Jill Mahoney
Leadbury, Ont. — Globe and Mail Update and The Canadian Press
A provincial police officer has been rushed to hospital after being shot in a standoff in southwestern Ontario.
OPP spokesman Sergeant Pierre Chamberlain said the shooting happened about 10:20 a.m. Monday as the male officer, who has not yet been identified, responded to a call. The officer is part of the force's Huron County detachment.
“I'm not sure how, or what, or why, or where, but there was a shooting. The officer was transported to hospital via air ambulance,” he said.
CTV reports the officer, who has 20 years experience, was in surgery with a head injury at a London, Ont., hospital. However, Sgt. Chamberlain would not confirm the policeman's injuries or condition.
The shooting occurred as part of a “standoff” with a man, according to Monica Hudon, a spokeswoman for the Special Investigations Unit. She said the man was wounded and taken to Victoria Hospital in London, which is part of the London Health Sciences Centre, for treatment.
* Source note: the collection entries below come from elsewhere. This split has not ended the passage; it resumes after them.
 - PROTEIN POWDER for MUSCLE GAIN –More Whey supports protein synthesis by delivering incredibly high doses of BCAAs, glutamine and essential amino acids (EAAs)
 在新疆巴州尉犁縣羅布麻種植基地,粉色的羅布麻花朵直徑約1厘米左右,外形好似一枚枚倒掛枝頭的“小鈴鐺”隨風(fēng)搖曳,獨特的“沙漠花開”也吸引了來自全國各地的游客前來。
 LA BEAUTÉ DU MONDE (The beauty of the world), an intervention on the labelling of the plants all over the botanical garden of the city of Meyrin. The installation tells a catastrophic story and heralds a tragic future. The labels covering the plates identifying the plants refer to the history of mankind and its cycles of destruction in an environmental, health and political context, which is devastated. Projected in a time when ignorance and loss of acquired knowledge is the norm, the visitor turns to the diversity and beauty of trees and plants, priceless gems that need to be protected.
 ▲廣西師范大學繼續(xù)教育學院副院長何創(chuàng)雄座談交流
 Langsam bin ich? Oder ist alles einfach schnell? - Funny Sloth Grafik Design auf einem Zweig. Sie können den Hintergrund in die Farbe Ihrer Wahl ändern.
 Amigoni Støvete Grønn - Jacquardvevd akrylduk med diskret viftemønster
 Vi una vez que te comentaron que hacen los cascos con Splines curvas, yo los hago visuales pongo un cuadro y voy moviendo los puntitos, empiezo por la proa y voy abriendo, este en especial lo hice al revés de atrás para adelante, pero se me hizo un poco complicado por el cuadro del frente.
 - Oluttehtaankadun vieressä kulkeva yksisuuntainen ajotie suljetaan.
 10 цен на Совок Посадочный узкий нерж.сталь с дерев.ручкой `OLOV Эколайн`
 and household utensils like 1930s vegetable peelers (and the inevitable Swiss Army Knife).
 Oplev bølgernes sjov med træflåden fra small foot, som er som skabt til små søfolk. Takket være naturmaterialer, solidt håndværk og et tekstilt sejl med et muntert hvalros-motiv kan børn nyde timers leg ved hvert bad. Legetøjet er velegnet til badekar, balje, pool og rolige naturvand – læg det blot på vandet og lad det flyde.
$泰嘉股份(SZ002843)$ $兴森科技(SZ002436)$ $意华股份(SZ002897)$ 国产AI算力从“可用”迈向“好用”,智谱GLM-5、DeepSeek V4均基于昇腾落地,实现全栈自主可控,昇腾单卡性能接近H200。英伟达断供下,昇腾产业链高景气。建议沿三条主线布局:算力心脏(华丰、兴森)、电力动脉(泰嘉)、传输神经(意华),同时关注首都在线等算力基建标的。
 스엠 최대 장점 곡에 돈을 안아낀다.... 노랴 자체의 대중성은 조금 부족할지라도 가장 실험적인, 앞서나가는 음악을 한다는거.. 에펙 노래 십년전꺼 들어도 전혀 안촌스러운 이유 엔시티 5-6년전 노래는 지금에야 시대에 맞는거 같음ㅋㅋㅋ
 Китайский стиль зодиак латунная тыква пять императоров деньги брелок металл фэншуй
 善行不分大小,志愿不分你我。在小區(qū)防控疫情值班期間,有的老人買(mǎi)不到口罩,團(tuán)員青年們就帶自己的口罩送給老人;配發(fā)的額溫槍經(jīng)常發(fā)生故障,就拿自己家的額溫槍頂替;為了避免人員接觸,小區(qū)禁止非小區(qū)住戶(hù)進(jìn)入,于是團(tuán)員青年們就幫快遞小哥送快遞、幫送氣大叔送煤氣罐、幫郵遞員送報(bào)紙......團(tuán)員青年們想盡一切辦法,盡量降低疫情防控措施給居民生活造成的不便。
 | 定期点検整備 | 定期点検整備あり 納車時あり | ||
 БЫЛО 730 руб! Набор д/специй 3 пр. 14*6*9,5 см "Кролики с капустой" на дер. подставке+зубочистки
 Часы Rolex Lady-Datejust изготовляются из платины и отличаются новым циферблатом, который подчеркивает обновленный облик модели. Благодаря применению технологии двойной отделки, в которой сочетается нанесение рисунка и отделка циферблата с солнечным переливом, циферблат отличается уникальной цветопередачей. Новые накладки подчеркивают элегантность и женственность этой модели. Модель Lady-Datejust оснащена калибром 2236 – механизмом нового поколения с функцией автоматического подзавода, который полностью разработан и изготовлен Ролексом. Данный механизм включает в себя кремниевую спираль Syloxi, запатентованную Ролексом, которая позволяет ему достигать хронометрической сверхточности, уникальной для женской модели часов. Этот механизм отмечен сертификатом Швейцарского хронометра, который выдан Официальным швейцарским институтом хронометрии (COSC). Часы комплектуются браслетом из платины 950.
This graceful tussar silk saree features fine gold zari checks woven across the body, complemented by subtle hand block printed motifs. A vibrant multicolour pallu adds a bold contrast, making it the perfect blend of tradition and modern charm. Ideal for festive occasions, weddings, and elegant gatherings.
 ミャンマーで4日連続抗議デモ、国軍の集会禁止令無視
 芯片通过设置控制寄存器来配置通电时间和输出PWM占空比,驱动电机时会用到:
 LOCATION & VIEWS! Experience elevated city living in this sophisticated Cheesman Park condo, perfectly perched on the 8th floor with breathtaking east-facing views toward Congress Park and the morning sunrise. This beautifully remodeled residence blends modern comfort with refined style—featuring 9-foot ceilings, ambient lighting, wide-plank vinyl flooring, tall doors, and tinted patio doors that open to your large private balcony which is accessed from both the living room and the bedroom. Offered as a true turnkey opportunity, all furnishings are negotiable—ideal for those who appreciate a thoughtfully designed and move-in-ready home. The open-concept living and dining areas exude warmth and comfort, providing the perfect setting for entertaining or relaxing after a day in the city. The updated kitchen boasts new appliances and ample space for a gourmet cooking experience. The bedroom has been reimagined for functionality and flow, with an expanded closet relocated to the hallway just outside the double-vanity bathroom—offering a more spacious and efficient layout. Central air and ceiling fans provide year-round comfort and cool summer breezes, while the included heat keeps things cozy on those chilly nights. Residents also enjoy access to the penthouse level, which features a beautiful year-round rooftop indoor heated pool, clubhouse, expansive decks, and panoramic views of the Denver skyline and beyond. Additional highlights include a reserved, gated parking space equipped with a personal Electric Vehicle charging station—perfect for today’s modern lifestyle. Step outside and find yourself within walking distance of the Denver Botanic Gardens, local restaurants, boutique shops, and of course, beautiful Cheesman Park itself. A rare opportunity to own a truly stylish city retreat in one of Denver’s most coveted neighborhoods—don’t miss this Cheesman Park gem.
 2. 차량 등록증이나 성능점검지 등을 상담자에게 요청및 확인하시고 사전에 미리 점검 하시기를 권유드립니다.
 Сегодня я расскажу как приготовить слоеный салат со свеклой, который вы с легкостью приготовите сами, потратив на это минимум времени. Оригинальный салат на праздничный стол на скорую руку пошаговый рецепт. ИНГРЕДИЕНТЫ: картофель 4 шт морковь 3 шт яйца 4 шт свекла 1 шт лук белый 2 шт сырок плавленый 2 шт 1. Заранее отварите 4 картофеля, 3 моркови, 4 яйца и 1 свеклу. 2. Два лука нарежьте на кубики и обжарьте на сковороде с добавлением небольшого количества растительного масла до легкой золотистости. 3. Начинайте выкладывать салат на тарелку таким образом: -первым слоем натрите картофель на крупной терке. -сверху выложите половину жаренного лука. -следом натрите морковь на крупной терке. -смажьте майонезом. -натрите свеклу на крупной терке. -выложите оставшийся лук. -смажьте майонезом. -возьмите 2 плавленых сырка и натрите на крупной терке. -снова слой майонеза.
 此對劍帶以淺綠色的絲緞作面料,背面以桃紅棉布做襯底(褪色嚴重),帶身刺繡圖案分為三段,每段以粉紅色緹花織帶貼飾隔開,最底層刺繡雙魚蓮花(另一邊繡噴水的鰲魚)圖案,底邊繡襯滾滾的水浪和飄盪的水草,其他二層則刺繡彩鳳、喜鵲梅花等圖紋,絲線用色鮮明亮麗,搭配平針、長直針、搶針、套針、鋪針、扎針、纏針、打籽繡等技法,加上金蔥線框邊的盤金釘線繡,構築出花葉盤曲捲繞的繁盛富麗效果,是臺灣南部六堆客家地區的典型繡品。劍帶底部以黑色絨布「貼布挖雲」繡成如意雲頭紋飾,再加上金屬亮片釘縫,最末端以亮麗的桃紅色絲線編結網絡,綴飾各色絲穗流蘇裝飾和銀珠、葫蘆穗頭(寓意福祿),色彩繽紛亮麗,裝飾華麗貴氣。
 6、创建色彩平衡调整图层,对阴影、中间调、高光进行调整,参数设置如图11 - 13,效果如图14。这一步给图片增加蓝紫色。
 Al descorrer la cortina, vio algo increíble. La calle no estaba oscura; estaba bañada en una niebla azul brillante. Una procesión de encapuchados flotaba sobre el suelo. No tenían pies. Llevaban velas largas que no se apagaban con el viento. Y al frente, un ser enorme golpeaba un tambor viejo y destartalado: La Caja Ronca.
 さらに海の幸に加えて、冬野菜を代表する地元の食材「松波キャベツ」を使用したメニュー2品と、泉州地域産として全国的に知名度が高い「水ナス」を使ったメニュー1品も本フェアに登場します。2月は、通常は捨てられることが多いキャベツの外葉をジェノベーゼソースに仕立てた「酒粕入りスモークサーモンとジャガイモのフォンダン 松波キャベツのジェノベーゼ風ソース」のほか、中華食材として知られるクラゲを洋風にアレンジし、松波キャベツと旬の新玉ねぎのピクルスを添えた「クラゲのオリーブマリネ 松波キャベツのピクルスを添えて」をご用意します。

The SIU, a provincial agency that examines all death or serious injuries involving police and civilians, has assigned nine investigators to the case.
Helicopter ambulance service Ornge said it airlifted two people to the London Health Sciences Centre. One was picked up near the scene of the shootout while the other was transported from Seaforth Community Hospital, where the patient was stabilized.
Ontario Provincial Police Commissioner Julian Fantino was seen getting into a helicopter at a small airport north of Toronto following the shooting. He is expected to address the media at 3 p.m. ET from the OPP's London offices.
Eyewitnesses say 15 to 20 shots were exchanged between the officer and a suspect near the small community of Winthrop, about an hour-and-a-half north of London.
Faith Weber, of nearby Brussels, Ont., told radio station CKNX she saw the officer and a suspect exchanging gunfire from opposite sides of the road.
“The guy [was] laying in the ditch and the police officer was on the other side of the road in the ditch but he was standing up and they were both shooting back and forth at each other,” Ms. Weber said.
“When I was there, there was probably about five, six shots that already went off, and then we had to move back farther and then there was more shots going off”.
Ms. Weber said more police arrived and the gunfire ended.